Once you have all this crap written down and out of your head, you’re ready to start working. The next step is to connect these bits of information to each other in some way. You could use clouds, lists, trees of information. It doesn’t matter: whatever fits your thinking will work. You can re-draw the mindmap with a little more organization to “make it pretty,” if that’s something that pleases you.

Challenge Yourself

Context means the bigger picture- and the bigger picture involves the negatives along with the positives. What’s wrong with your idea? What issues do you face in implementing it? Problematize as many elements of your mindmap as you can, and challenge all the elements that you think are necessary to make the project work. If you need something to happen, find reasons why it might not. If you need something not to happen, look for reasons that it could.

This is the stage of the process where you may discover a project is too big to do in the time you’ve given yourself to complete it. Or to find out you don’t know enough to do the work, or that your idea for a product is already essentially being done by somebody else. This is the part of the process where your “beautiful thoughts,” the picture perfect dream you have for your ideas, are mired in the messy realities that you don’t normally make yourself face.  It’s a reality check. 

Photo: smemon Flickr

Photo: smemon Flickr

This stage of the process is the least fun. It doesn’t feel productive because it is energy spent challenging the assumptions that you are using to tell yourself that your idea will work. But as we know, many or even most ideas never do actually work out. You can find this out here, and get a realistic idea of the challenges you face while doing so. 

Step 3: Analyze

This is a reflective step. Using the information you’ve gathered so far, make some educated guesses about how likely your goals are to be realizable, given the current circumstances. How likely are circumstances to change? Do you even want to keep working on this project? If so, what reasons can you give for others to invest time and money in it?
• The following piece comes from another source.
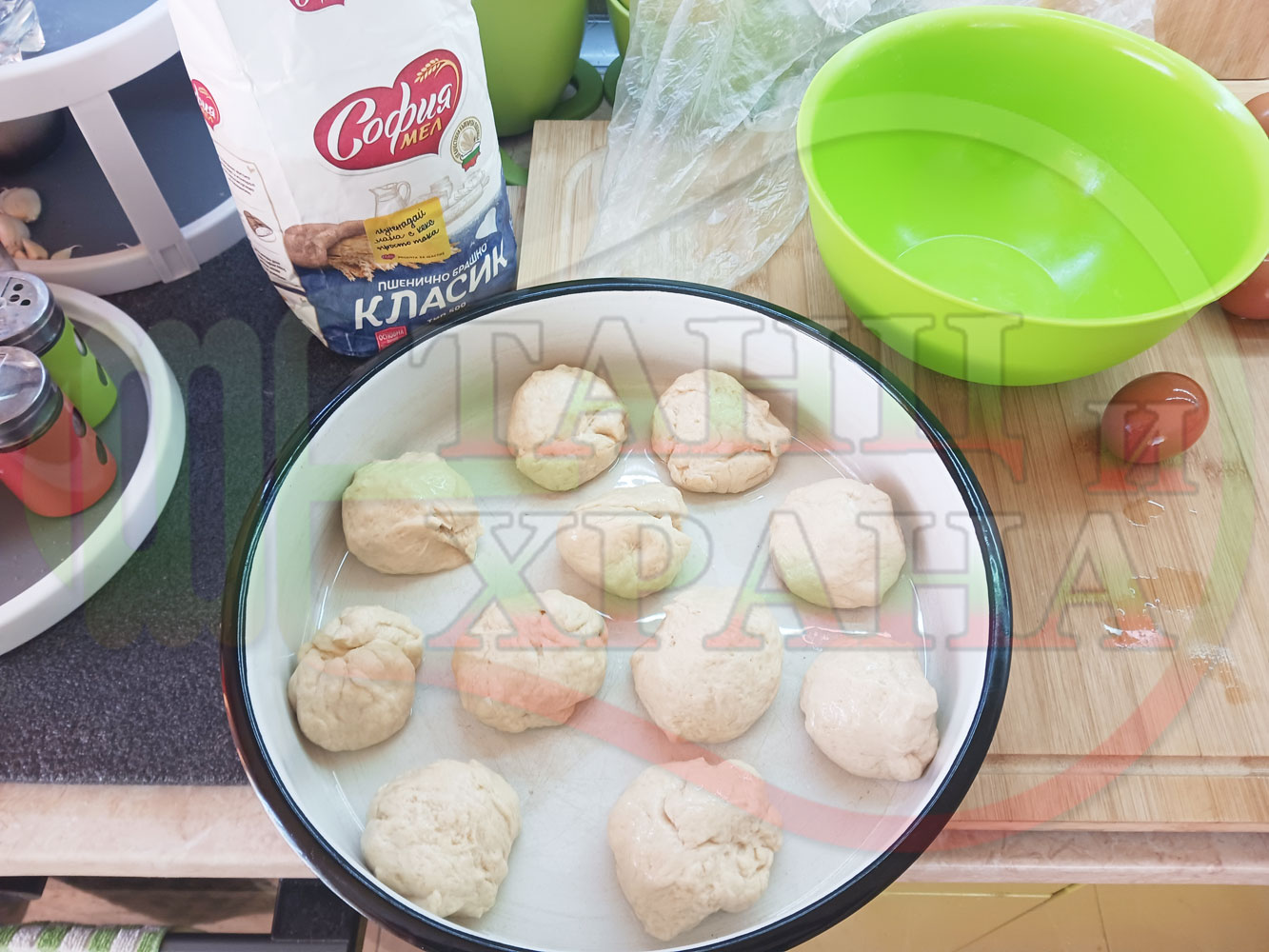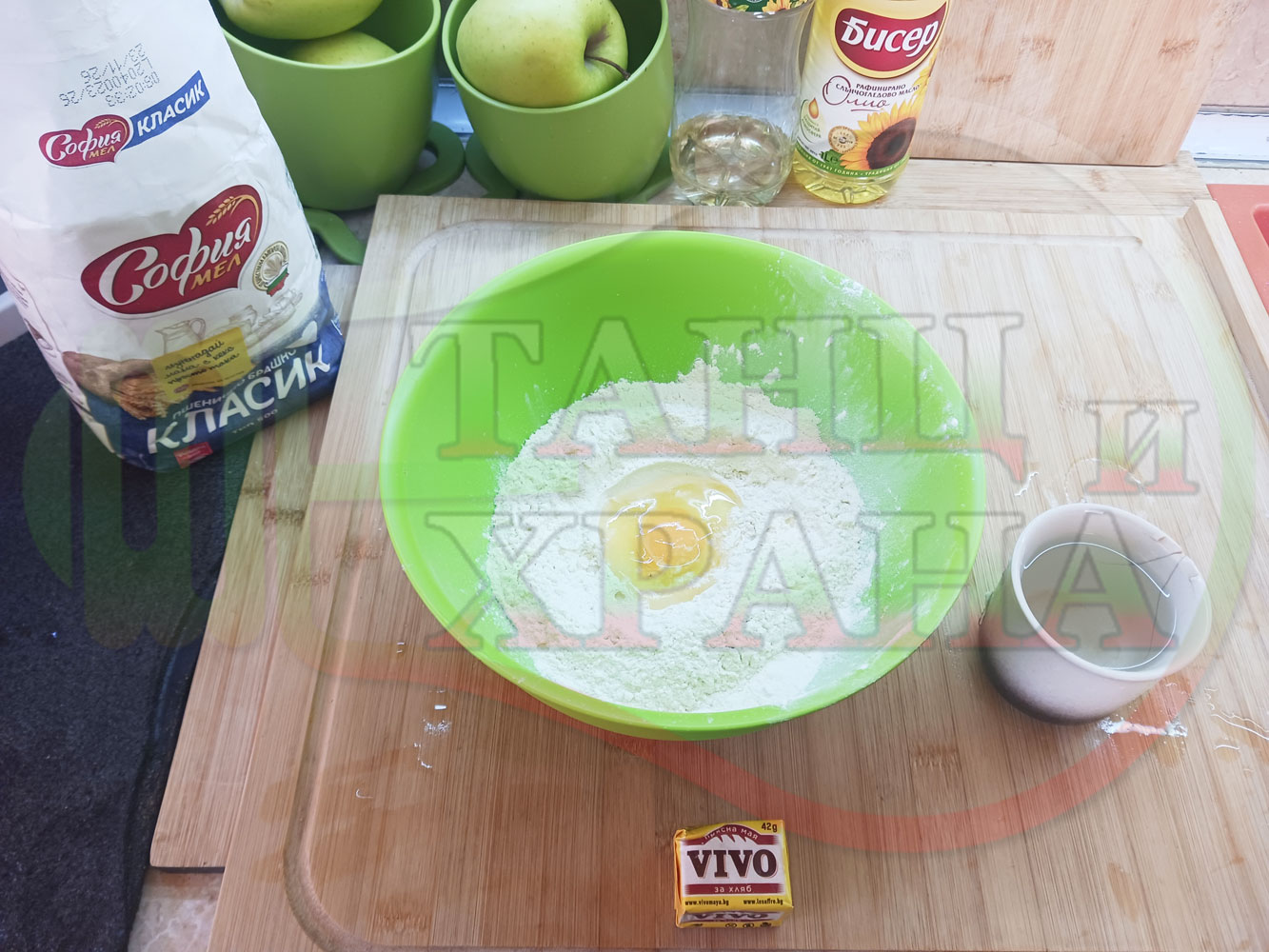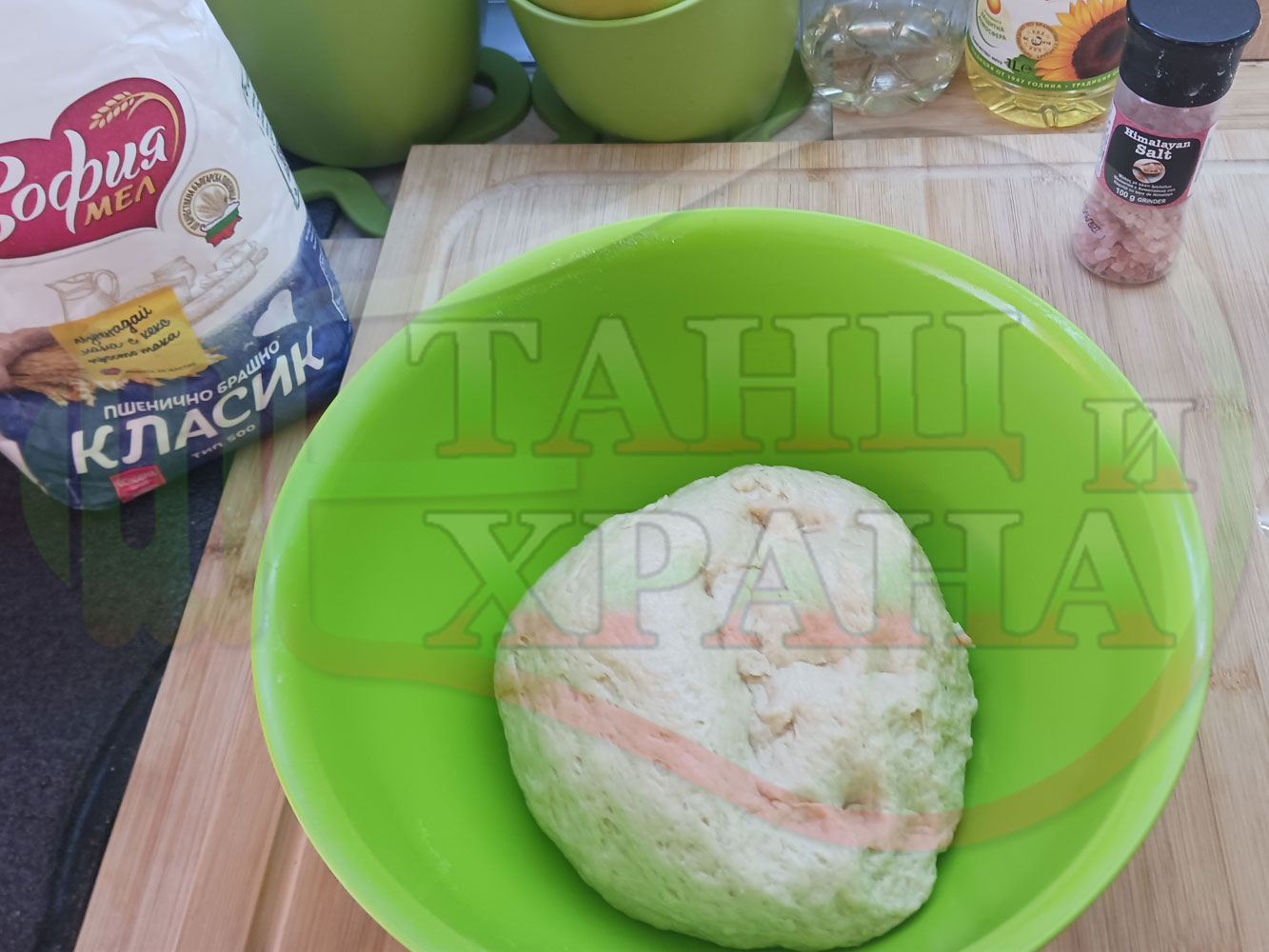 Сипете брашното в купа, направете "кладенче" в средата и добавете яйцето, захарта и хималайската сол в кладенчето. Налейте хладка вода от чешмата в чаша, добавете маята и разбъркайте до пълното разтваряне на маята (разтварянето на маята гарантира по-доброто и по-бързото й активиране и усвояване от брашното). Сипете разтворената мая в кладенчето и започнете да замесвате тестото от средата на кладенчето до пълното отлепяне на тестото от купата и намаляване на лепкавостта му (поръсвайте и добавяйте брашно при необходимост, докато замесвате). Сипете слънчогледовото олио, доомесете тестото с олиото и оформете "топка" от тестото. Намажете купата и тестото с олио, покрийте купата с прозрачен найлонов плик и оставете отвор в единия край на плика за да "диша" тестото докато втасва. Поставете купата на топло място за около 30 минути за да втаса тестото и удвои и дори утрои обема си (времето за втасване зависи от топлината в кухнята и вида и количеството на маята в зависимост от количеството на брашното и включените продукти при замесването).

A typical analysis tool for a business or a product is called a SWOT analysis. It forces consideration of 4 interconnected factors: Strengths, Weaknesses, Opportunities, and Threats. It looks something like this:

In this step, you can gather all that you’ve learned, and diagram it according to the positive and negative, the internal, and the external. This could be called the honesty phase. A frank assessment of the situation and the options.

We are human beings: we naturally oscilate between an extreme focus on our strengths, when we are selling them (to ourselves or to others), and on our weaknesses, when something isn’t working. We do the same with opportunities and threats. But we rarely if ever consider our strengths directly against our weaknesses- even if doing so can provide invaluable insights. So adopt a process that makes you consider these things together.

Step 4: Synthesize

We wrote a while back about how the groundwork you do at the beginning, from day one on your odyssey towards profitability, should start with your pitch. Mindmapping is part of that same iterative process, and the fruits of a good mindmap are fodder for a great pitch. What you know now about your market, your product, your customers, and your own abilities, will translate into a persuasive argument for your viability (if you’ve decided you are viable).

If you’ve dumped out all your valuable ideas, contextualized and problematized them, and analyzed them honestly, assessing your options, you’ll be able to answer most questions a potential investor or a client asks of you, even before the question is asked. You’ll be aware, and more importantly unafraid, of the challenges you face.

Wishful thinking and hubris are the enemies of a persuasive pitch, and a viable product idea, and mindmapping can keep you honest, keep you thinking, and keep you solving problems, instead of ignoring them.